Dede Ocağı nedir? Alevilikte Dede Ocakları

Aleviliğin temel kurumu dede ocağıdır. Dede ocaklarının ne zaman kurulduğu konusunda çok farklı görüşler ortaya atılmaktadır. Bunlardan birisi, dede ocaklarının Hacı Bektaş zamanında ortaya çıktığı; bir diğeri, Hacı Bektaş döneminden önce de var olduğudur. Üçüncü görüş ise, ocaklar Safeviler döneminde Şah İsmail tarafından oluşturulmuştur, denilerek Safevi Hükümdarı Şah İsmail ile Osmanlı Padişahı I.Selim (Yavuz)2 arasında gelişen siyasal çekişmelere bağlamaktadır.

Tarihi olaylar ve belgeler bu dede ocaklarının Safeviler döneminden yaklaşık üç yüz yıl kadar önce de var olduğunu göstermektedir: Hacı Bektaş Velâyetnamesi’ndeki “Hazret-i Hünkâr Velâyet kohusı gösterüp İbrahim Hacı’ya Nazar İtdügidür.”3 başlığı altındaki Dede Garkınlılar ve Şeyh İbrahim evlatları arasında yaşanan geyik derisi taç olayı ve 1240 yılındaki Babailer hareketini başlatan Dede Garkın’ın her biri keramet sahibi 400 halifesini toplayarak Dede Garkın sahrasında kırk gün cem yaptıklarını, Elvan Çelebi Menâkıbu’l-Kudsiyye Fî Menâsıbi’l-Ünsiyye4 adlı eserinde açıkça belirtmektedir. Buradan da anlaşılacağı üzere, Dede Ocaklarının XIII. yüzyıldan önce de vardır.

“Ocak” kavramını, dedeler ve araştırmacılar arasında net biçimde, ortak bir görüş çerçevesinde tanımlamak çok zor gözükmektedir. Dedelerin büyük bir bölümü Seyyid olduklarını belirterek, ataerkil bir yaklaşımla soylarını babadan sürerek Ehlibeyt’e dayandırmaktadır. Dedeler biyolojik olarak ne denli Ehlibeyt’e mensuptur, onu bilemeyiz. Ama aidiyet olarak bütün ocakzade dedelerin Ehlibeyt soyundan geldiği dedeler ve talip toplulukları tarafından kabul edilirler.

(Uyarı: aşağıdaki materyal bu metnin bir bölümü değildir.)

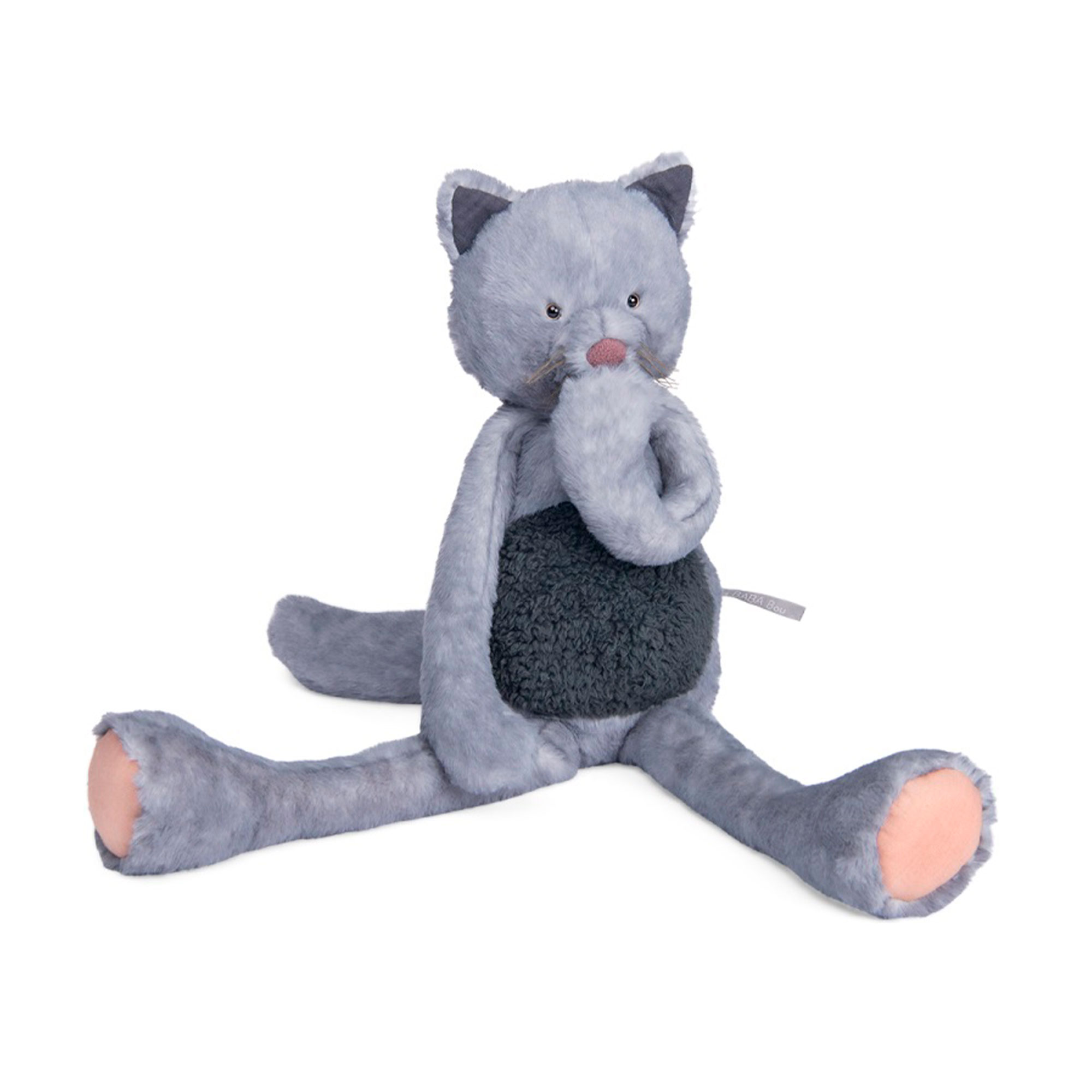 Patas largas y fáciles de atrapar, cuerpo flexible y pelaje texturizado de color azul grisáceo, este es el gran felino del Baba-bou. Este compañero de suave pelaje será sin duda el mejor aliado del bebé para seguirlo en todas sus aventuras.

Alevi topluluklar, dede ocaklarına bağlıdır. Son yıllarda dede ocakları ile ilgili yapılan yorumlarda ise, aşiret ve boyların beyleri ya da çocuklarının, Emevî ve Abbasî zulmünden kaçan Ehlibeyt soyundan olan seyyid ve seyyideler ile evlendikleri görüşü dile getirilmektedir. Bu aşiret ve boy beyleriyle evlenen Ehlibeyt soyundan gelen ailelerin oluşturduğu çevresel inanç merkezine ve ekolüne “Ocak”, bu ocaklara mensup olan kimselere de “Ocakzade” diyoruz. İşte bu ocakzade olan ve cem erkânının uygulanmasını sağlayan kişilere de “Dede” ya da“Pir” denir.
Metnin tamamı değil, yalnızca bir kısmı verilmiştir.